So, to help me think about this... pros and cons of satellite internet:

- have broadband internet anywhere in the country, even at my parents' in the sticks of Kentucky and not tied to WiFi hotspots
- long-term monthly charge is comprable to DSL/Cable, if all of a sudden I wasn't driving anymore, I could still utilize it as my internet provider
- flexibility: with the generally unobstructed skyline at your average truckstop, I could park anywhere as opposed to trying to find parking at the one that I have WiFi access with.

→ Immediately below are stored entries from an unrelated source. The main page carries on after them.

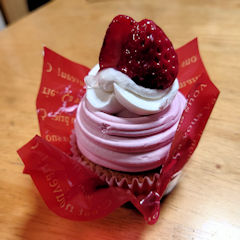 クリームも、マロンであれば黄色っぽいですが、これはイチゴなのでピンク色のクリームでデコレーションされています。
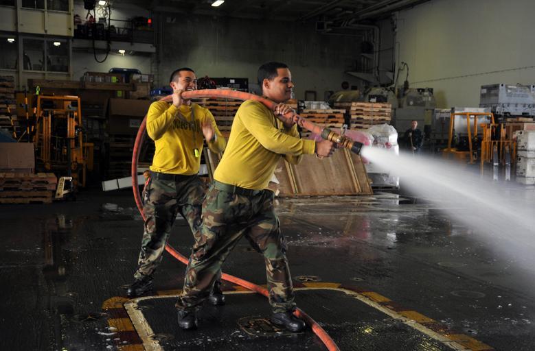 Keywords: US Navy 111118-N-ZZ999-021 Airman Leandro Chong and Aviation Boatswain's Mate Handling 3rd Class Bryan Sebastian spray water in the hangar bay aboa.jpg en PACIFIC OCEAN Nov 18 2011 Airman Leandro Chong and Aviation Boatswain's Mate Handling 3rd Class Bryan Sebastian spray water in the hangar bay aboard the aircraft carrier USS George Washington CVN 73 during a routine cleaning George Washington is conducting a patrol in the western Pacific Ocean U S Navy photo by Mass Communication Specialist 3rd Class David Cox/Released 2011-11-18 111118-N-ZZ999-021 Navy http //www navy mil/view_image asp id 110832 U S Navy photo by Mass Communication Specialist 3rd Class David Cox PD-USGov-Military-Navy Aboard USS George Washington CVN-73 Fire hoses |
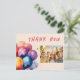 Tarjeta postal de agradecimiento de cumpleaños infantil con globos coloridos. Tarjeta de agradecimiento de cumpleaños para la fiesta de cumpleaños de los niños. Este diseño viene con hermosos globos en diferentes colores con aspecto de acuarela. Personaliza la tarjeta postal con el nombre de tu hijo, mensaje de agradecimiento y foto.
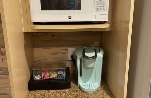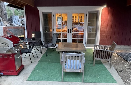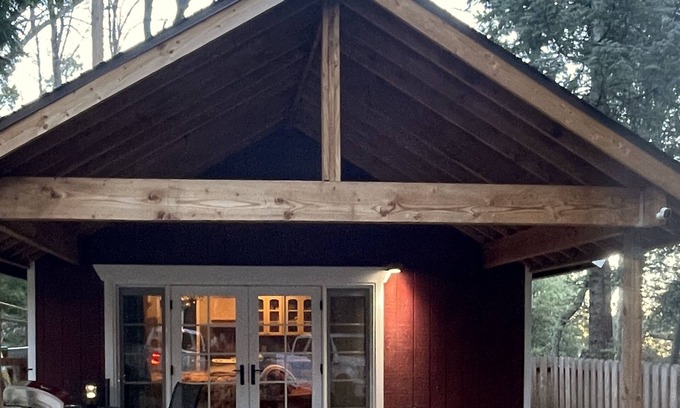 This roomy studio has a king size bed, fully stocked kitchen, two reclining chairs, small dining table, Full bathroom with small shower, Loft with queen bed - There is not much standing Height in the loft. It is mainly for using the bed. The outside patio area is surrounded by the forest. Enjoy the BBQ and Fire pit fueled by propane.
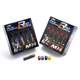 The R40 Iconix Lug Nuts feature a two-piece design with a free-spinning top for secure fastening and scratch prevention. Made from chromoly 435 forged steel, they are lightweight yet strong, ideal for street or track use. Open-ended for compatibility with standard and extended studs, each set includes 16 standard lugs and 4 locking nuts, combining versatility, security, and high performance.
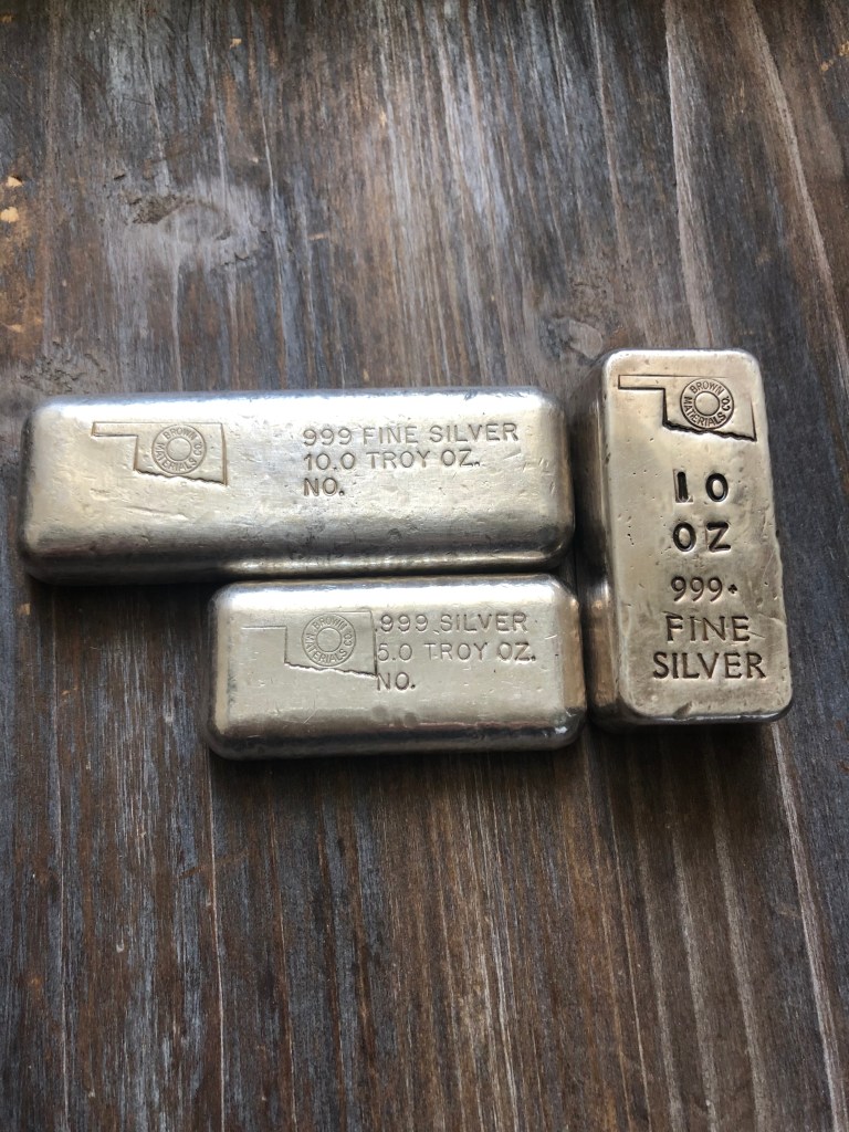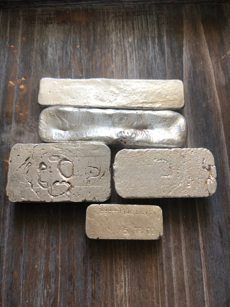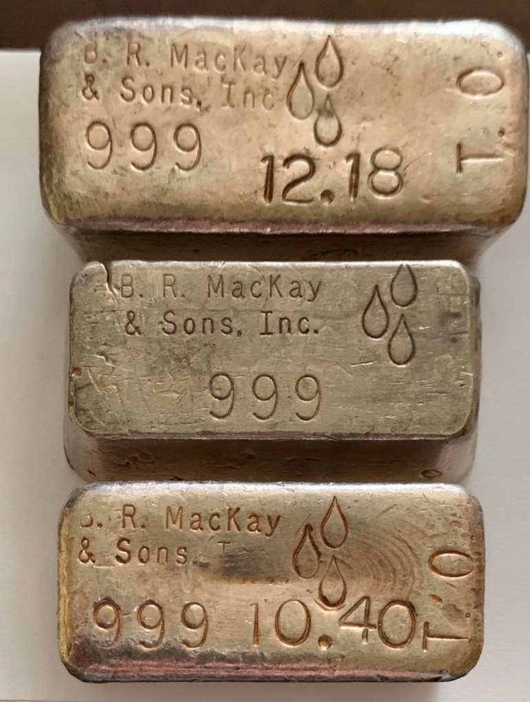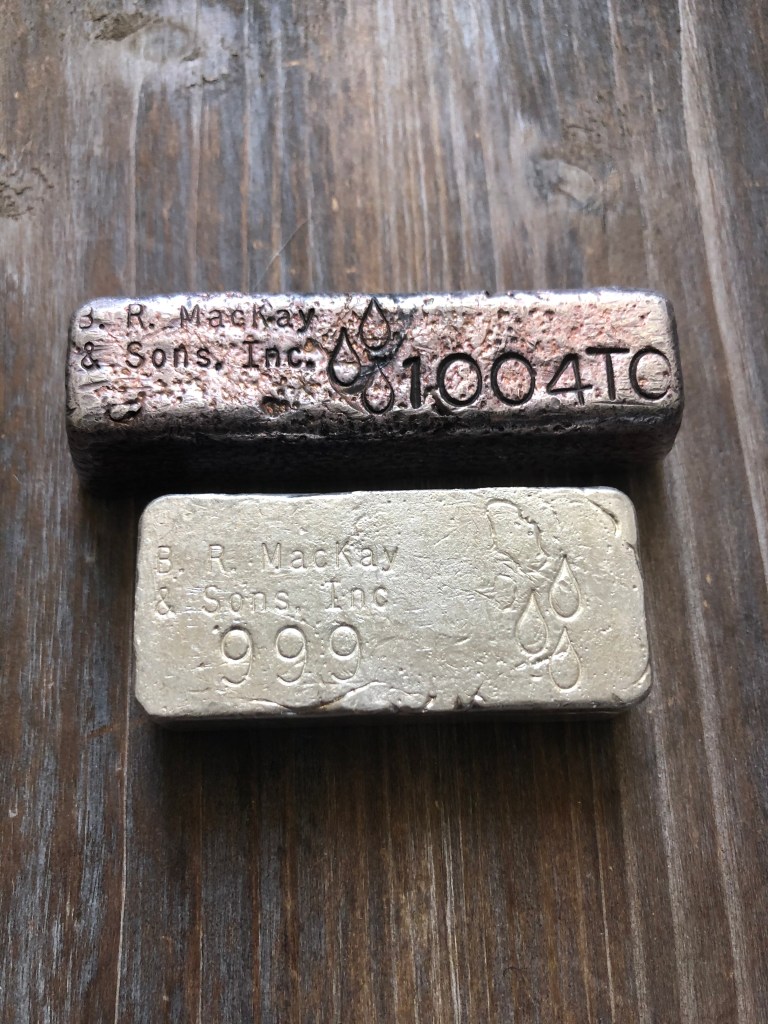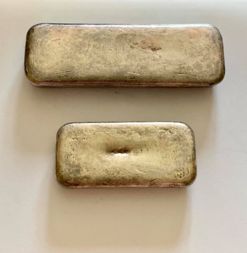 Bahamian Refining Company, interesting bread loaf style with serial/lot number stamped top center. Not much is known about them, other than they were an incorporated company in Arizona, operating in the early 1980s. I have a few interesting 1 oz pieces that I’ll post in a blog on “silver smalls.”
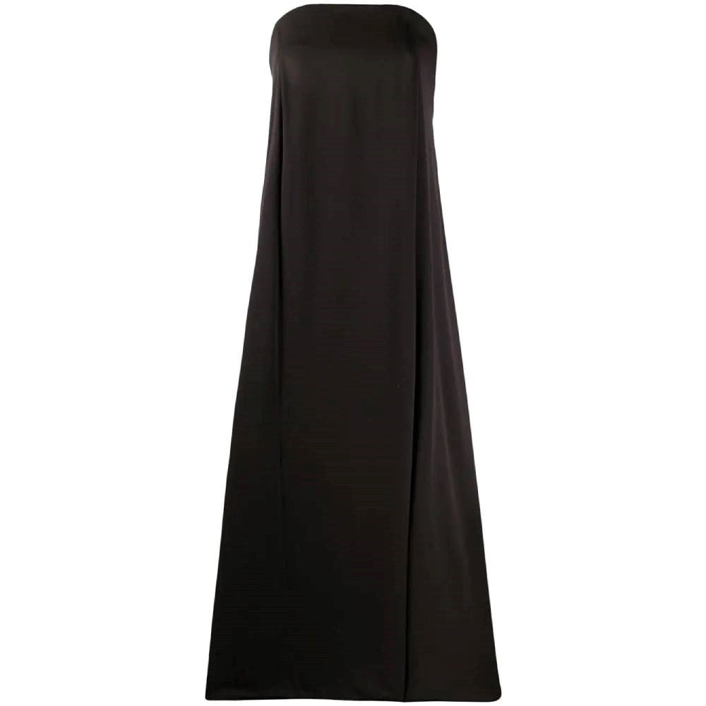 Gianfranco Ferrè black silk long strapless trapeze-line dress with comfort fit, asymmetrical back drape and side slit. Back zip fastening. This item belongs to a deadstock and it has never been worn.
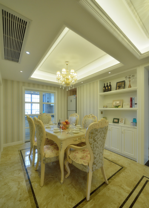 獨(dú)立式餐廳要保證快捷衛(wèi)生、安靜舒適。照明要集中在餐桌上面,光線柔和,色彩素雅。餐廳位置應(yīng)靠近廚房,墻面上可適當(dāng)掛些裝飾畫。餐桌、椅、柜的擺放與布置不僅要與餐廳的整個(gè)風(fēng)格相統(tǒng)一,還要為家庭成員的活動(dòng)留出合理的空間。如方形和圓形餐廳,可選用圓形或方形餐桌,居中放置;狹長(zhǎng)的餐廳可在靠墻或窗一邊放一長(zhǎng)餐桌,桌子另一側(cè)擺上椅子,這樣空間會(huì)顯得大一些。
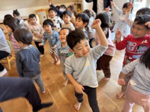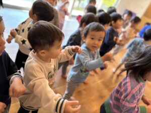 ぱんだ組さんとひつじ組さんと一緒に朝の会をしました☀️
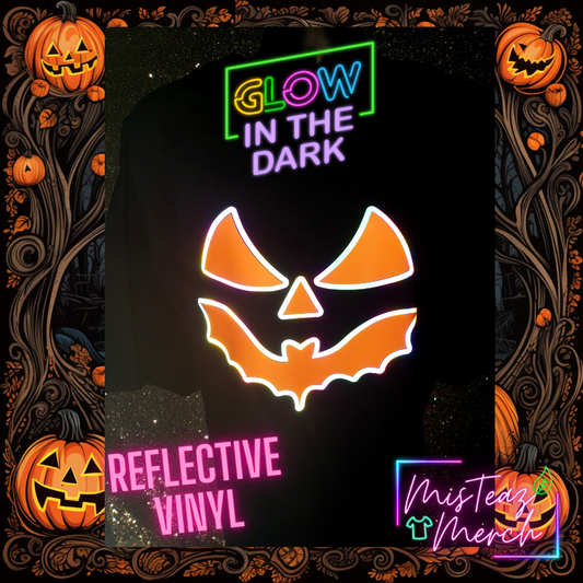 Everyone who loves Halloween & TV Crime shows will love these T-shirts. They are funny, cute, sassy & scary. Something for everyone. This year we got our new glow in the dark & reflective vinyl designs. Dressing up is fun, but sometimes you just feel like a cool T-shirt. All the designs here can be put on a sweat shirt or hoodie. Some shirts are made with a white toner printer (DTF) not vinyl. If you want a glitter shirt then email me for a glitter design and if you want a design on a hoodie or sweat shirt. I know some parts of the U.S. it is cold during Halloween.
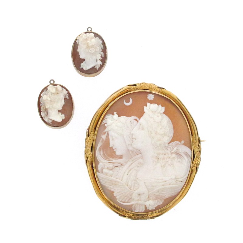 A carved shell cameo brooch depicting Nyx and Hemera (Night and Day) within yellow gold border, 6cm high, together with two smaller carved shell cameos
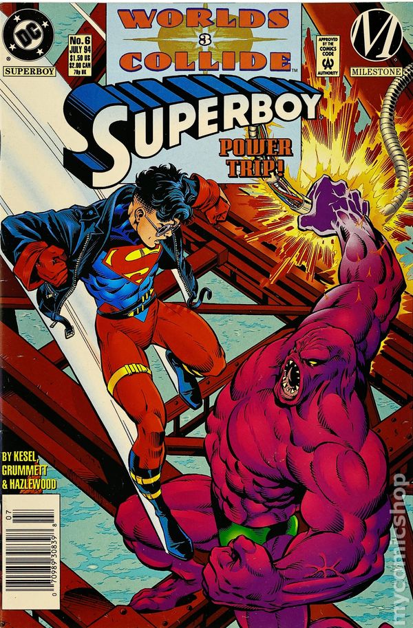Newsstand Edition. Worlds Collide: Part 3. "Changing Realities!" Guest-starring Superman. Story by Karl Kesel. Art by Tom Grummett and Doug Hazlewood. Story continued from Hardware (1993) #17. Superboy must face his biggest challenge yet when he goes toe-to-toe with the Parasite, a creature that has almost killed the Man of Steel on several occasions. Plus, Superboy meets Fred Bentson from the Milestone Universe in this special crossover event. Story continues in Icon (1993) #15. Cover price $1.50.

I could also have access while stuck at a shipper or receiver, or while parked in their docks for the night
- newer dishes are compatible with DirecTV and DishNetwork, adding TV would be a cinch

- initial cost: $100/mo. vs. the current $200 per year for WiFi
- ongoing cost: $60/mo vs $200 per year
- if the equipment breaks, i'm S.O.L. after it's out of warranty (15 months)
- the "unknown" variable: i've never used satellite internet, what if it sucks and i'm stuck in a two year contract?
- Nextel (my current cell phone company) will offer nationwide broadband internet service in a matter of year for about $50/mo
- the satellite receiver and transmitters will take up considerable space in what is already rather cramped quarters

Really the main concern is a monetary one. I could find the space in my truck if I really wanted to do it and most of the providers offer 15 day trial periods where you can change your mind if it's not to your satisfaction. If I'm really afarid of the $100 for the first 15 months I could save up for the cost of equipment and purchase it out-right.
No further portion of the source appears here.